═════ EXTRACTED ENTRIES

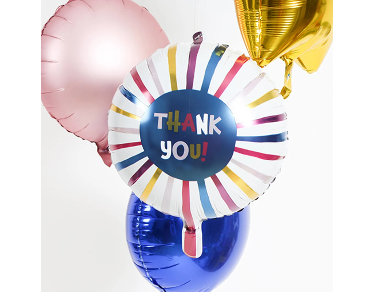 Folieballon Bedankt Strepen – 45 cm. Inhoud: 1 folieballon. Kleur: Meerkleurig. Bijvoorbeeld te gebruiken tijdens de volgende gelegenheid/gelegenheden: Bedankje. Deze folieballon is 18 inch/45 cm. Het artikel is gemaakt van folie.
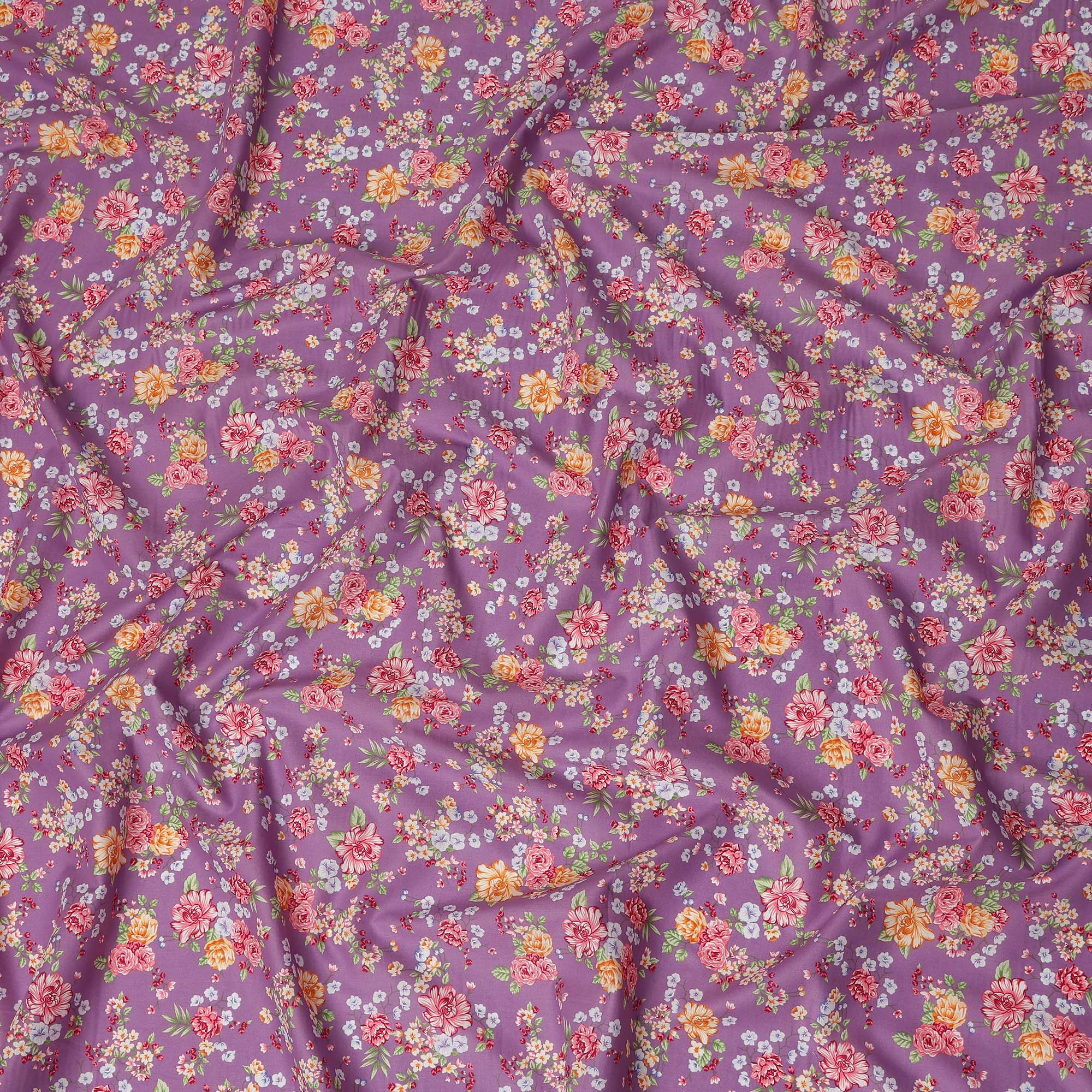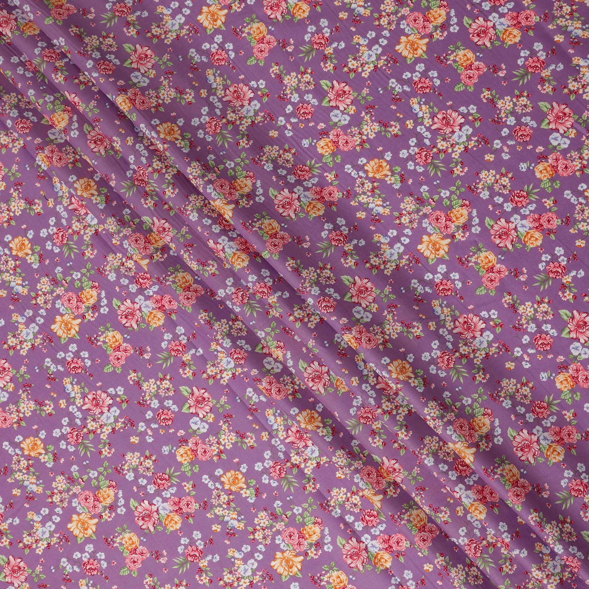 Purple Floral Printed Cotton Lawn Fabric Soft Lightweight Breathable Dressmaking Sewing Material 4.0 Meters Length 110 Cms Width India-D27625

══════════
═════ EXTRACTED ENTRIES

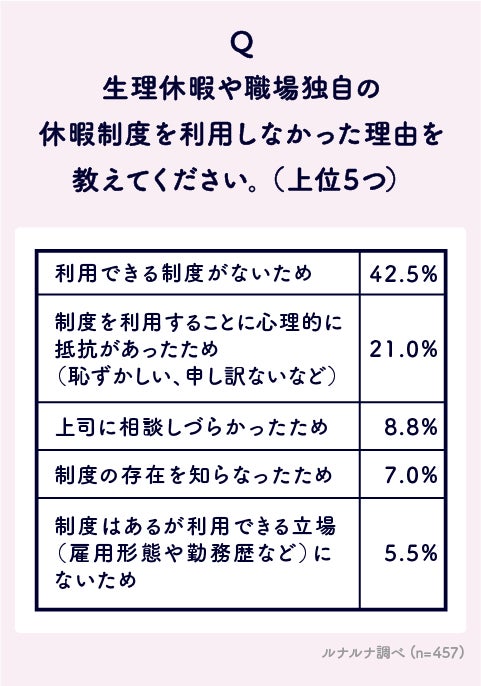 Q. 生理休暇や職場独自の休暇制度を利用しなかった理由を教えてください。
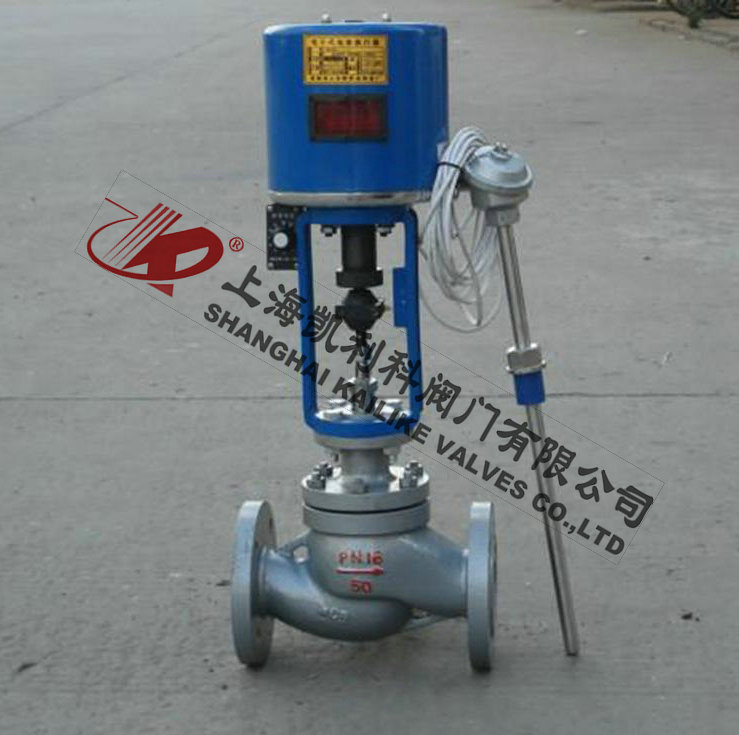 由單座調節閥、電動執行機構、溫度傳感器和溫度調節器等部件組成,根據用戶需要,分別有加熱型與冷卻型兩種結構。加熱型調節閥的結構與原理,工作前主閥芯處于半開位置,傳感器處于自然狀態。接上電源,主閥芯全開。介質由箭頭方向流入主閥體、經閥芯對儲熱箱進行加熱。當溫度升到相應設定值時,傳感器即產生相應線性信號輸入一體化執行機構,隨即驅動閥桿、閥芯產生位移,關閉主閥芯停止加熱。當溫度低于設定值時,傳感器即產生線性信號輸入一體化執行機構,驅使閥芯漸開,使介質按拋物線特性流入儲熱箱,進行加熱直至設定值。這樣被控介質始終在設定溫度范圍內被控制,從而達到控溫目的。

══════════
═════ EXTRACTED ENTRIES

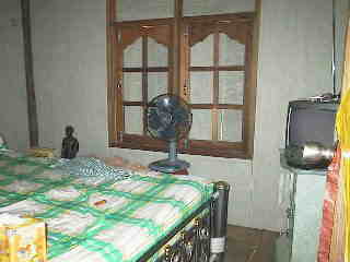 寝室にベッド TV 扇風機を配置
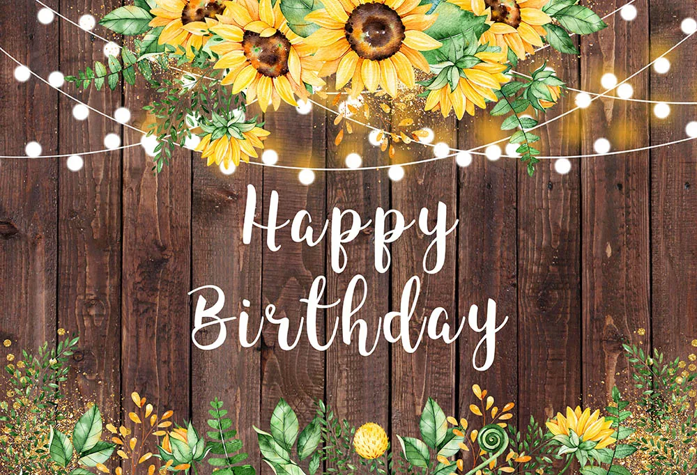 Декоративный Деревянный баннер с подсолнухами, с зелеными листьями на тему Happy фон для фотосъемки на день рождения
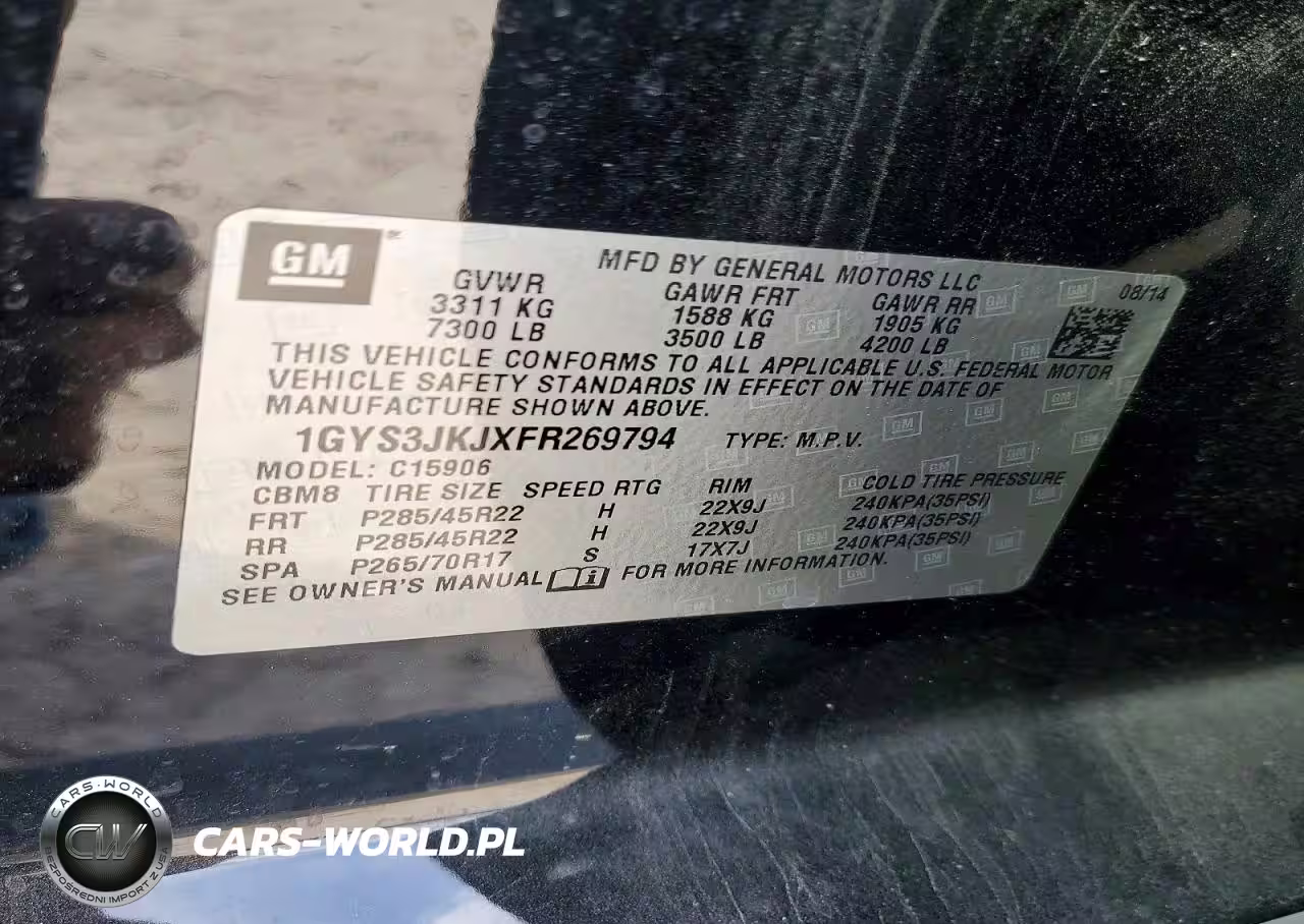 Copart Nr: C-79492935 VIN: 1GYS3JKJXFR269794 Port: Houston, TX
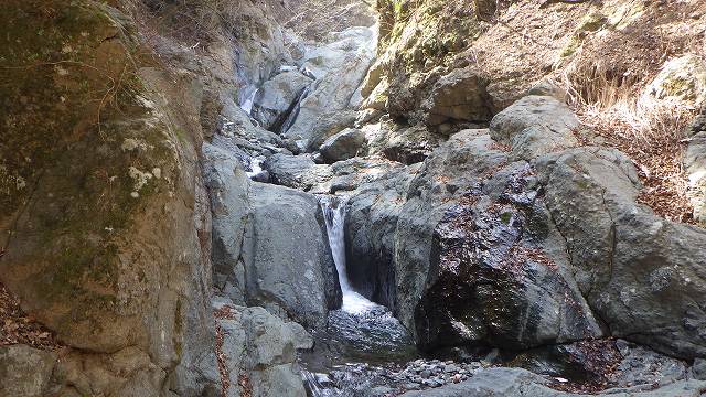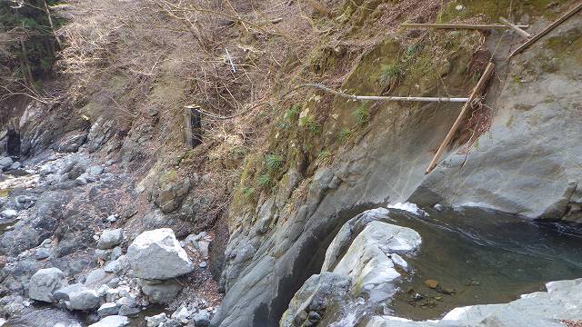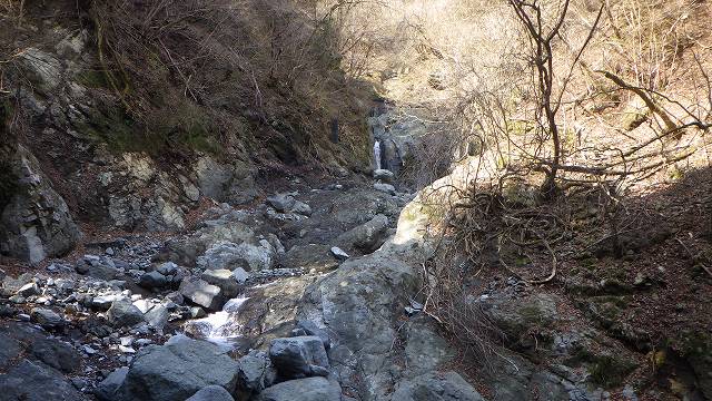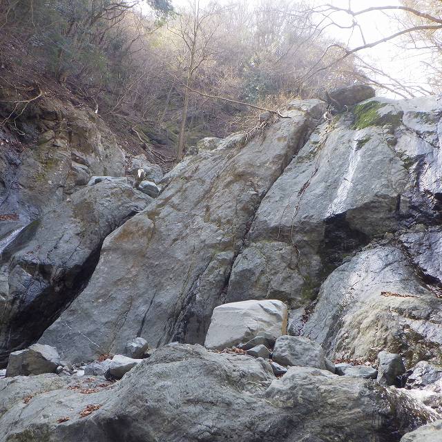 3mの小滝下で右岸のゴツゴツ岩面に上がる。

══════════

> _AIM OF THE EXERCISE_
Transcribe the listing above exactly, but only from the line with "寝室にベッド TV 扇風機を配置" through the line with "3mの小滝下で右岸のゴツゴツ岩面に上がる。". Include both of those lines and omit the pictures.

> _REPLY TO THE EXERCISE_
 寝室にベッド TV 扇風機を配置
 Декоративный Деревянный баннер с подсолнухами, с зелеными листьями на тему Happy фон для фотосъемки на день рождения
 Copart Nr: C-79492935 VIN: 1GYS3JKJXFR269794 Port: Houston, TX
 3mの小滝下で右岸のゴツゴツ岩面に上がる。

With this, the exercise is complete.